Distributed implementation using mirrored strategy

juglab / cryoCARE_pip

PIP package of cryoCARE

BSD 3-Clause "New" or "Revised" License

25 stars 14 forks source link

Distributed implementation using mirrored strategy #35

Closed rdrighetto closed 1 year ago

rdrighetto commented 1 year ago

A simple multi-GPU implementation for training as described in #11

thorstenwagner commented 1 year ago

If @rdrighetto is happy with it, I think we can merge it :-) Could you maybe change README and add information how to use it?

rdrighetto commented 1 year ago

I updated README.md as instructed by @thorstenwagner but only now I realized that my instructions for multi-GPU usage are somewhat conflicting with @EuanPyle implementation of choosing the GPU ID. I've always assumed that setting CUDA_VISIBLE_DEVICES was the standard way of doing this.

Any suggestions on how to settle this?

EuanPyle commented 1 year ago

Hi Ricardo, I think you should be able to add multiple GPUs to the GPU ID field in the json, so it shouldn't conflict with any multiGPU implementation. I actually added the GPU ID function so external programs (in my case the RELION 5.0 tomography module) can easily specify GPU ID without running extra commands in the shell i.e. the RELION wrapper command would simply be able to specify GPU ID 0,1 and not run 1 line specifying GPU ID and then another running cryoCARE.

In any case, can both options co-exist? If users want to run the CUDA_VISIBLE_DEVICES way, it should still work, and GPU_ID field in the json is optional so that can just be ignored in the README. Hope I am making sense, not sure I am!

rdrighetto commented 1 year ago

Hi @EuanPyle , thanks a lot for the clarification!

I ran a few tests here and found the following:

The correct way of specifying multiple GPU IDs in the train_config.json file is the following: "gpu_id": [1,2] (this was not obvious to me, I had to try a few different ways)
CUDA_VISIBLE_DEVICES always takes precedence over "gpu_id". For a single GPU this is fine, but I get some funny behaviors when both specifiers are set with multiple GPU IDs.
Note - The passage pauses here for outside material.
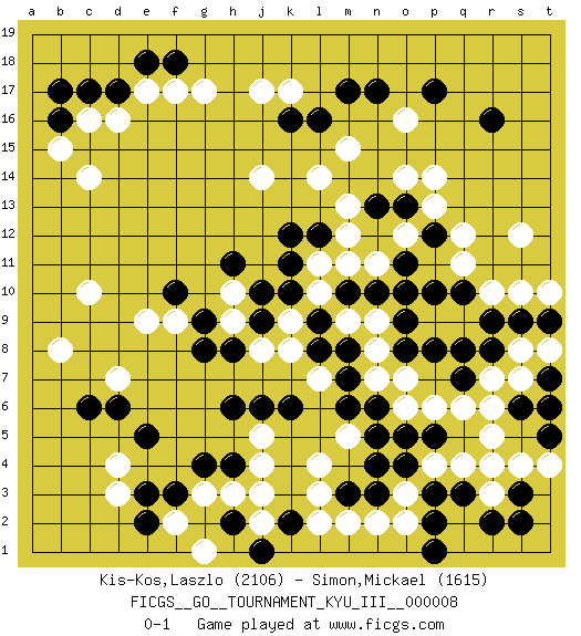 Last move : 0-1 2010 July 12 14:43:57 [Event "FICGS__GO__TOURNAMENT_KYU_III__000008"] [Site "FICGS"] [Date "2010.02.14"] [Round "1"] [Black "Kis-Kos,Laszlo"] [White "Simon,Mickael"] [Result "0-1"] [Rating 1 "2106"] [Rating 2 "1615"] 1.r16 d4 2.q3 d16 3.p17 r5 4.q8 q6 5.p5 q4 6.p3 r3 7.r2 p4 8.o4 o3 9.s3 r4 10.n3 o2 11.p2 n2 12.m3 m2 13.p1 l3 14.n5 m5 15.n6 p6 16.o8 s4 17.s2 r7 18.r8 n7 19.m6 l4 20.n4 o7 21.m7 n8 22.o9 m9 23.k6 k17 24.k2 l2 25.f3 h3 26.h4 g3 27.g4 j4 28.h6 j5 29.j6 f2 30.e3 d3 31.e2 g1 32.e5 c10 33.c6 q12 34.o11 p14 35.m17 g17 36.c17 c16 37.d17 e17 38.e18 f17 39.b16 b15 40.b17 c14 41.f18 r10 42.o13 o14 43.n13 o16 44.n17 m15 45.l16 l14 46.k16 j17 47.l12 j14 48.k10 k8 49.j9 j8 50.h8 h9 51.g8 h10 52.l8 k9 53.l9 l10 54.m10 l11 55.k11 m11 56.n10 m12 57.k12 m13 58.j10 l7 59.m8 n9 60.s6 s8 61.s9 s7 62.r9 o6 63.o5 t6 64.t5 t4 65.t7 t8 66.t6 s10 67.t9 t10 68.q7 r6 69.q10 q11 70.p10 s12 71.p8 n11 72.o10 o12 73.p12 p13 74.h2 j2 75.j1 j3 76.f10 d7 77.d6 b8 78.h11 f9 79.g9 e9 0-1 Here are the names of the openings (joseki) played in the four corners : Corner q4 : q3 r5 Komoku (Somok, Xiao~mu`) 3-4 Point. The komoku (3-4) point is the traditional corner enclosure move.. Ikken Kakari (Hankan Keolch'im, Yi Gua`jiao~, 1-Space Low Pincer). The small knight move is the basic approach move to the 3-4 point stone. It has been continually used for over four centuries. There are limitless variations, with new moves constantly being discovered. White 2 opens the door to a treaure store of joseki. Corner d4 : d4 f3 Hoshi (Hwajeom, Seongjeom, Xingwei`) 4-4 Point. The star or hoshi (4-4) point, emphasizing influence at the potential expense of territory. Ikken Kakari (Hankan Keolch'im, Yi Gua`jiao~, 1-Space Low Approach). Black 2 is the standard approach move to the 4-4. Player White won this Go (weiqi, baduk) game. Follow this game move after move (download)There are players who don't accept exchange: they play many moves that perpetuate a previous state of the game. (Pierre Audouard) I don't know, I don't care, and it doesn't make any difference. (Albert Einstein)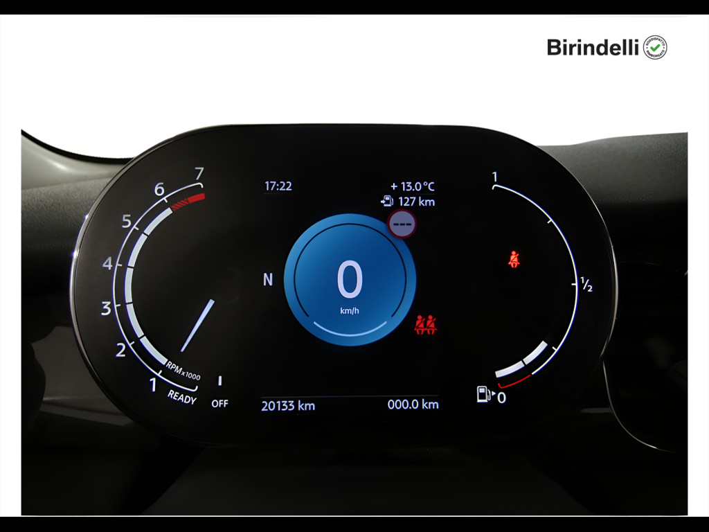 Tachimetro e contagiri dietro al volante con indicatore di temperatura esterna, velocità, ora e data

So I think it's safe to say that while both options are valid, they are mutually exclusive, and will document it as such.

I will update the README.md for my pull request later today.

Cheers, Ricardo

thorstenwagner commented 1 year ago

@rdrighetto : I see that you are quite active. Tell me when you are ready and I gonna merge it :-)

rdrighetto commented 1 year ago

OK, I did a few more tests. It runs fine on our cluster even when both options are set (with different numbers of GPUs specified in each, just for fun) and actually "gpu_id" takes precedence over CUDA_VISIBLE_DEVICES, not the other way around. So I think it should be good even if users specify both options by mistake (as in: it doesn't crash, and considers the "gpu_id" option correctly). I've also updated my branch to reflect the latest changes in the master branch upstream, so merging should be easy now. I think it's ready :-)

EuanPyle commented 1 year ago

Amazing, thanks Ricardo!

thorstenwagner commented 1 year ago

Thank you a lot! I merge it now.

thorstenwagner commented 1 year ago

I also put it pypi:

https://pypi.org/project/cryoCARE/0.3.0/